Hi Vladimir,
That goes thanks it's nice.Hope you also. Yes indeed ,you are right.good luck to all, this year, the essays are numerous ,it's well for the 3ème year.And furthermore there are many many relevances in several essays.
Best Regards
Steve
Dear Tobias and others,
have you a look to my essay (concerning 3+1 D)? This model is based on C(sp3 hybridization.
Ioannis Hadjidakis
Dear Tobias,
compliments for your very interesting paper! I'm especially interested in the simulation of Dirac equation by graphene, since this is connected to my work. Can you really consider the carbon atom as a gate in a quantum-computational simulation of Dirac in 2+1 dimensions? In such case I'm indeed very curious about the unitary transformation of the gate!
In the meanwhile I discovered that I didn't see your reply to my answer in my thread, and I answered to it. It seems that you are right. In order to recover an isotropic velocity of light in the analog coordinate system, one needs another way, maybe the thickness of events?
Cheers
Dear Tobias,
Wisdom is more important than imagination is more important than knowledge for all the we know is just an imagination chosen wisely.

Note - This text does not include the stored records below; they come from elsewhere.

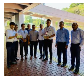
(CHUO UNIVERSITY TAMA CAMPUS) # Below page shows the meeting (International and the Olympic-Paralympic Project Promotion Office) and site visits to NSSU campuses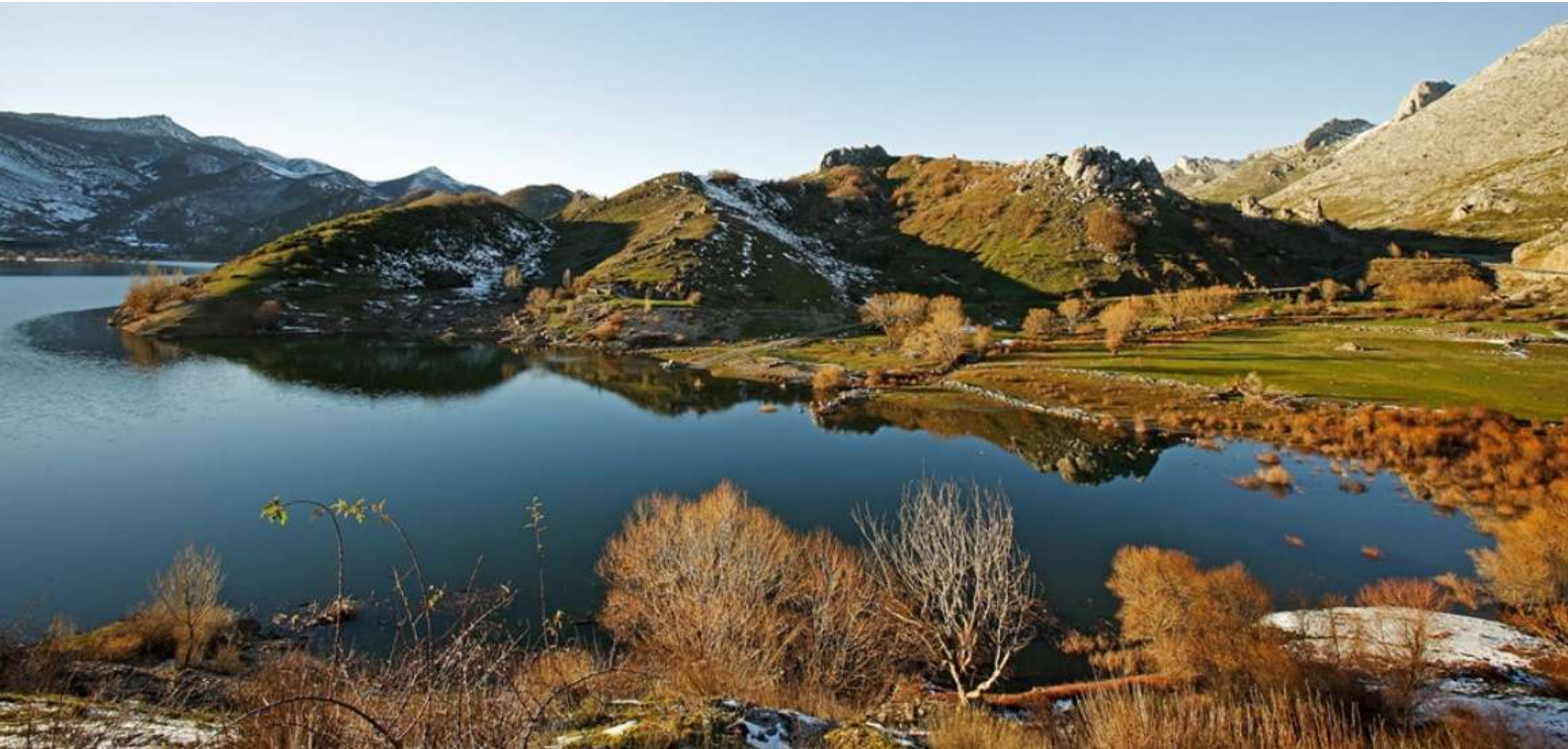
Valle de Luna. León

Biosphere Reserves are areas designated by UNESCO under the MAB (Man and the Biosphere) Programme with the intention of harmonising conservation of natural resources with human well-being.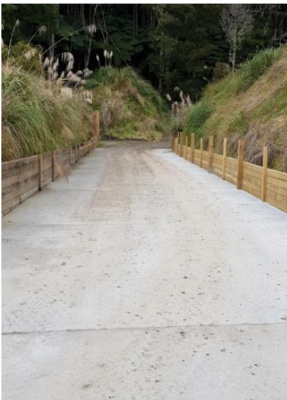
Heading to range 19

Further work has been completed within the drainage project with more concrete in place in the roads leading to and from the back IPSC bay.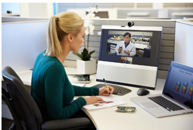
Figure 3. Cisco TelePresence EX60 in Ad-hoc Conference Call

The EX Series is part of the broad Cisco TelePresence System portfolio offering immersive, multipurpose, and personal endpoints to meet the needs of organizations of all sizes. Cisco TelePresence technology powers the new way of working in which everyone everywhere can be more productive through face-to-face collaboration (Figures 1, 2, and 3).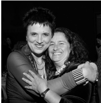
Special guest Eve Ensler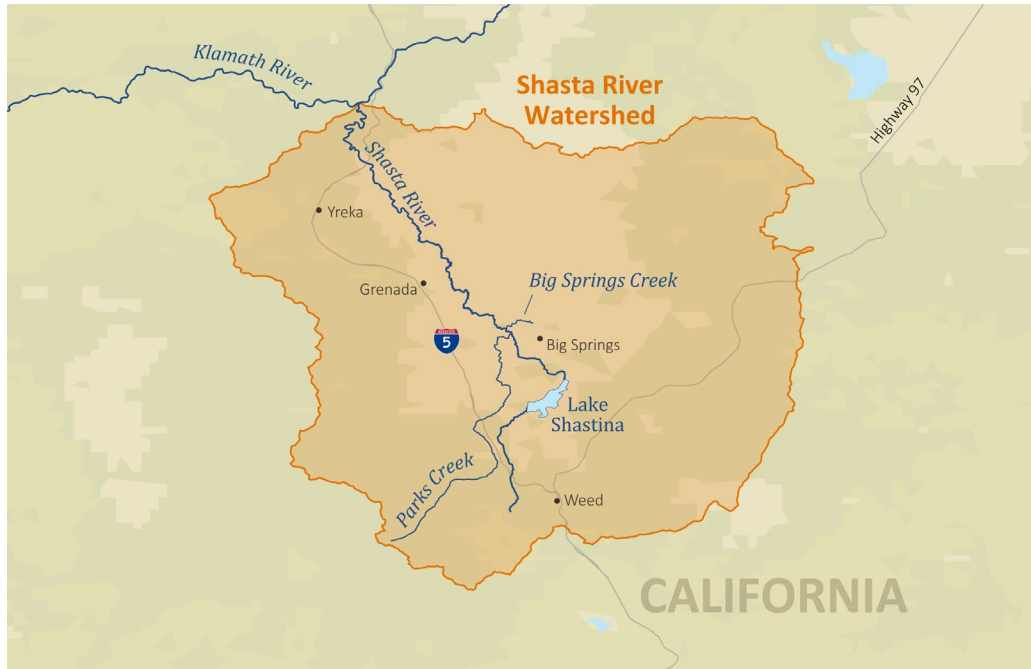
Figure 2. Target geography for the Shasta Valley Regional Conservation Partnership Program

For the Shasta Valley Regional Conservation Partnership Program: Projects must be located within the Shasta River watershed including Big Springs Creek, Parks Creek, or other tributaries.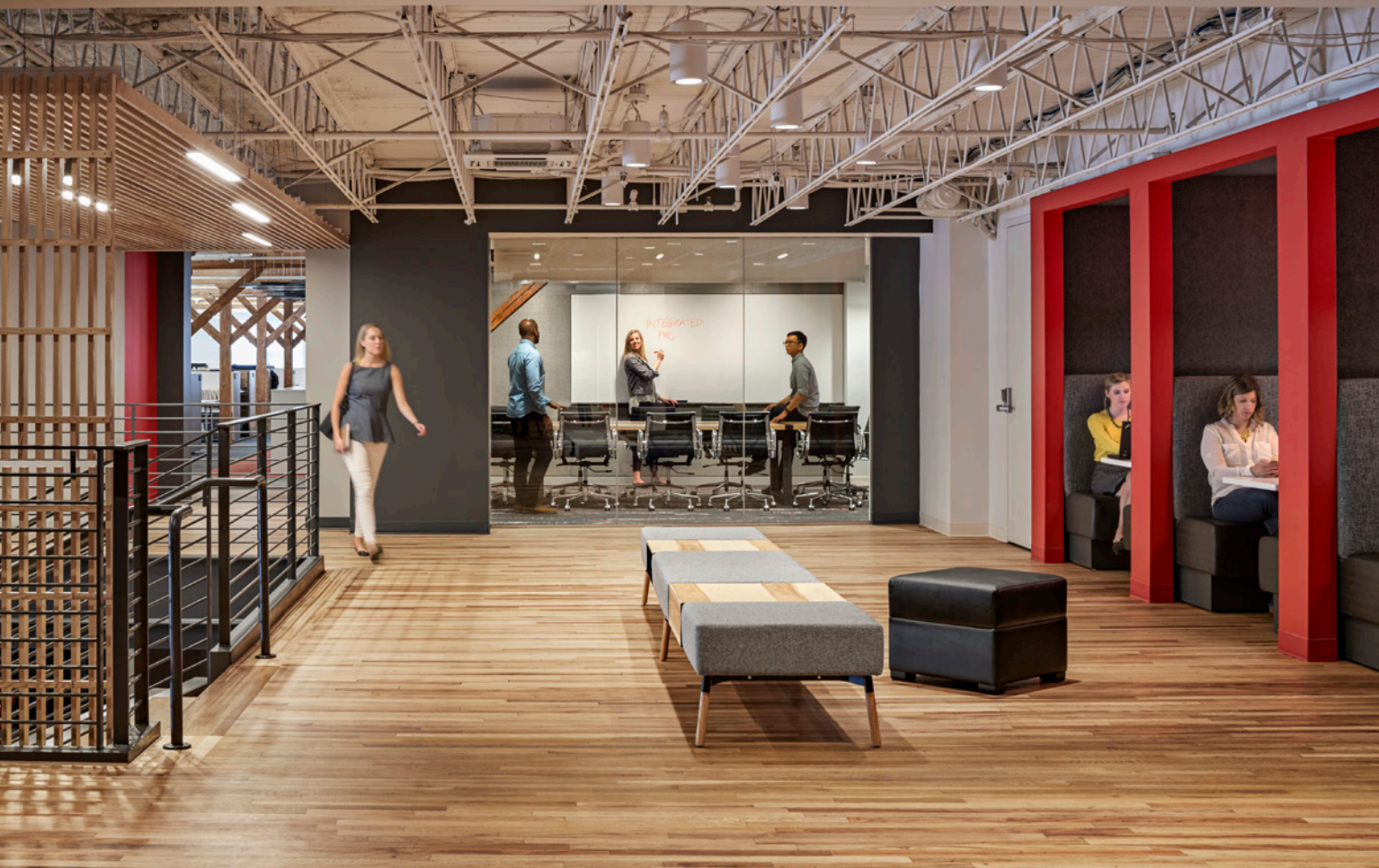
Shawmut Design and Construction | © CBT Architects | Robert Benson Photography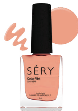
CORAL CRUSH AO 06 COLORFLIRT NAIL ENAMEL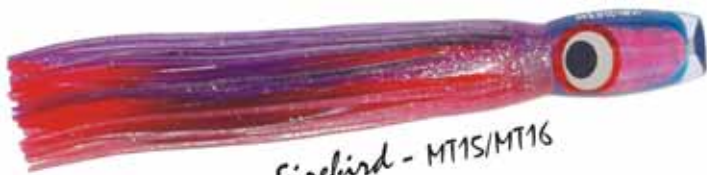
Firebird - MT15/MT16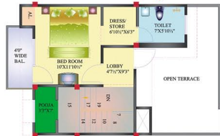
Ground Floor Plan ▼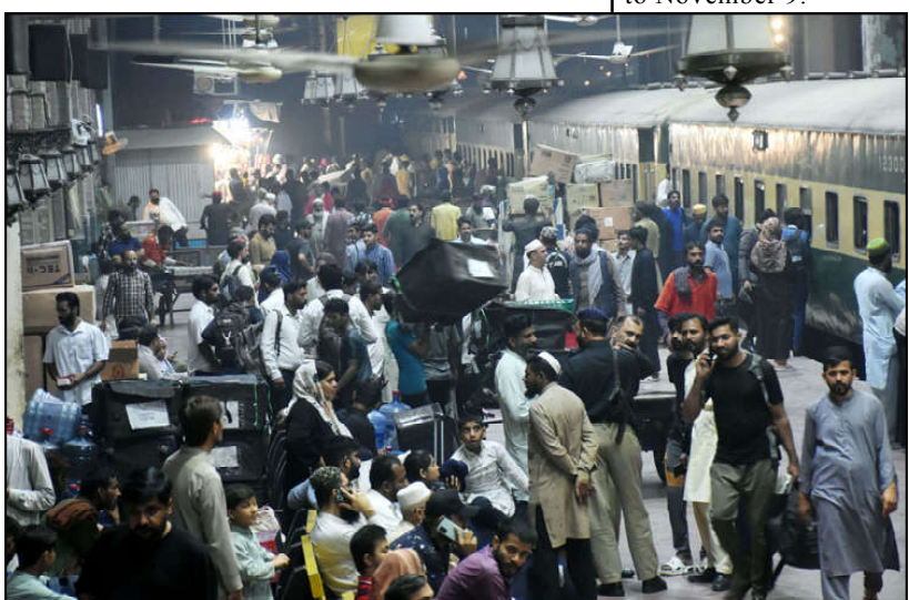
LAHORE: Passengers boarding trains at railway station, Trains' movement delayed due to smog in provincial capital.

On this occasion, the District Police Officer said in his message that the Nowshera Police is determined to take strong actions against those who create distortions in the society and especially those who darken the future of the builders of the nation and to punish them. Nothing will be compromised to fulfill the commitment.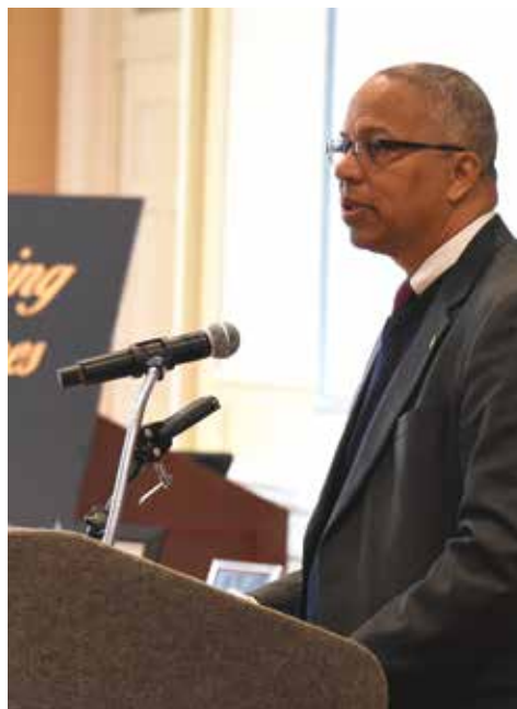
Maryland Lieutenant Governor Boyd Rutherford addresses the audience at the 2016 "Maryland Remembers" ceremony in Annapolis.

For more information on Noah's Law and Maryland's comprehensive efforts to combat impaired driving, visit: www.towardzerodeathsmd.com/noah . ■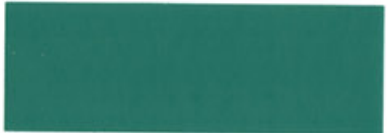
P5019-75 deep end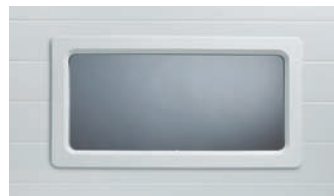
24" X 12" INSULATED GLASS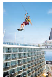
空中繩索 Zip Line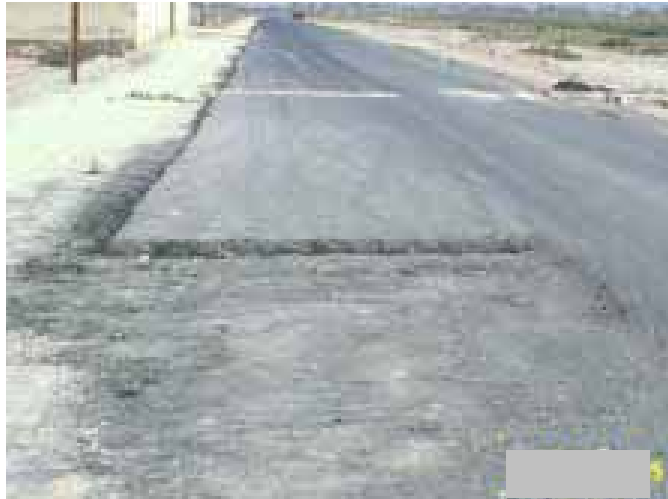
Site Photo 54: Asphalt surface of Project 17783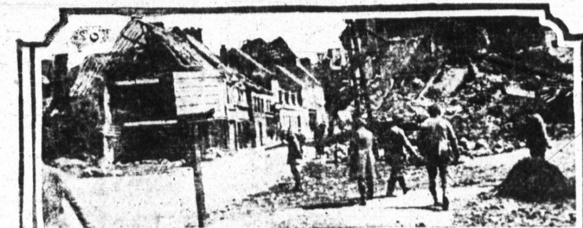
THE FOUR CORNERS AT HAM AFTER THE BOCHES EVACUATION. AMBULANCE DRIVER'S TENT CAMOUFLAGED AFTER ATTACK.

Please read Theory of everything at your convenience posted by me in this contest.
Who am I? I am virtual reality, I is absolute truth.
Love,
Sridattadev.
Dear Tobias
Your essay is very interesting, I think the idea of emergence have not been study very seriously until now but models like the one you expose or others based on a discrete computational basis, show that this is the central point. On my essay, I try to explain this emergence from a different perspective but I think there is a very closed connection with your ideas. I will like to hear what do you think about it.
Regards,
J .Benavides
Dear Mauro,
excellent question! I think something like this is indeed possible. In a second quantized formalism, the electrons in the tight-binding approximation to graphene would be modeled as follows: take one qubit for each lattice site, i.e. at each carbon atom. The Hamiltonian is given by
[math]\sum_{\langle i,j\rangle}a_i^\dagger a_j[/math]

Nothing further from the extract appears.